NLP Engineer

Alexandria Technology
 New York, NY

Company Description



Alexandria Technology uses machine learning technology to analyse and classify valuable information in unstructured textual data. Our technology was first developed to decode DNA, and now extracts information from financial news for investment professionals.

Alexandria was recently named one of the top 40 big data companies to work for by JP Morgan.

Job Description

The Natural Language Processing (NLP) Programmer will work directly with the Chief Scientist of Alexandria Technology to develop proprietary text classification software that uses machine learning technology to extract, analyze, and classify information from unstructured textual data for the financial services industry. Specifically, the NLP Programmer will:

1. Design, develop, and implement machine learning software to analyze large amounts of unstructured textual data;

2. Use programming languages such as Java or Python to analyze large textual datasets (gigabytes to terrabytes);

3. Use mathematics, statistics, and machine learning techniques to develop algorithms to extract information from textual data;

4. Test and enhance algorithms to measure the accuracy of classification software;

5. Remain up to date on industry research and new techniques in natural language processing (NLP) and conduct research to determine if new techniques improve Alexandria's NLP software;

6. Prototype new algorithms and conduct experiments to test the validity and effectiveness of the methodologies used;

7. Implement algorithms and modules into the production system (Our production systems are in the cloud server and use Linux operating systems).

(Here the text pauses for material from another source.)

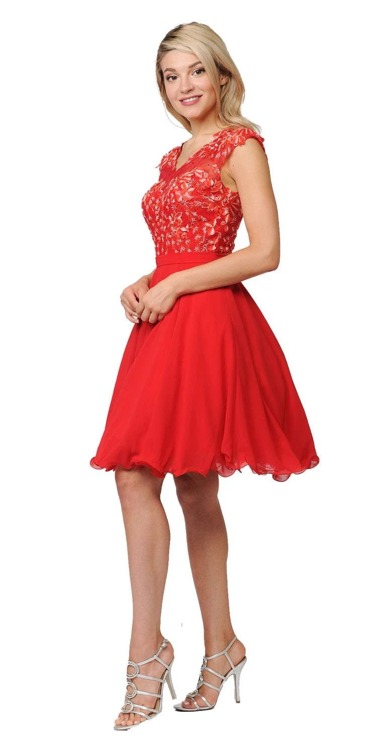 Dress up on your next special occasion with this beautiful a-line homecoming short dress by Poly USA | Ed Young 8094 in blush. A lovely chiffon short dress with illusion v-neckline, cap sleeves and a bodice embellishes with appliques.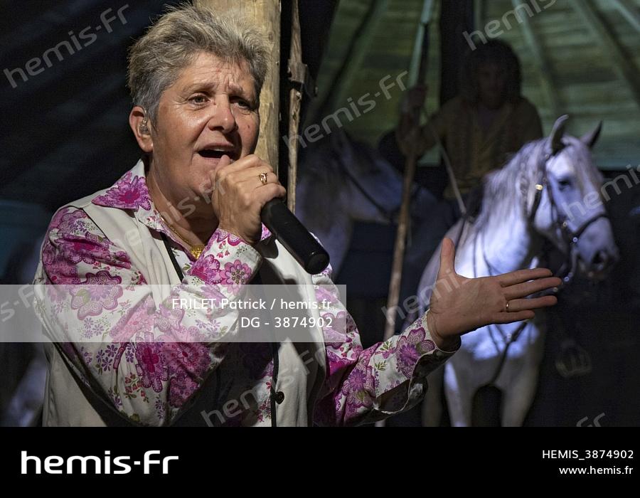 France, Gard (30), Camargue, Franqueveaux, manade Martini, Regine Pascal chante la Camargue et les gardians

8. Design highly available, fault-tolerant and streaming systems to handle real-time, voluminous text feeds (Low latency is required for these systems);

9. Review existing programming code to identify bugs/problematic code and fix them as required;

10. Use Python to create signals from information extracted from Alexandria software and run statistical regressions to evaluate and forecast signals' impact on stock market performance taking into account complex and non-linear cause-effect relationships;

11. Complete data analysis on Alexandria extracted information to share with clients and financial service companies.



1. Master's Degree or PHD in Computer Science, Data Science/Engineering, or related field of study is required

2. Minimum of 2 years work experience in:

- Prior experience in a data driven quantitative research environment,

- Solid background in algorithm, data structure, Natural Language Processing (NLP), Machine Learning (ML),

- Strong experience in programming languages such as C++, Java, Python or Matlab

- Experience must also include text analytics such as Named Entity Recognition (NER), Topic Modelling, Sentiment Classification and

- Experience in big data analysis tools – MapReduce, PySpark etc

- Working knowledge of Linux, MySQL

Additional Information


- Experience with common open-source libraries such as OpenNLP, Mallet, Weka, Gate, deep learning toolkits.

- Experience with scalable streaming and/or batch processing with big data frameworks.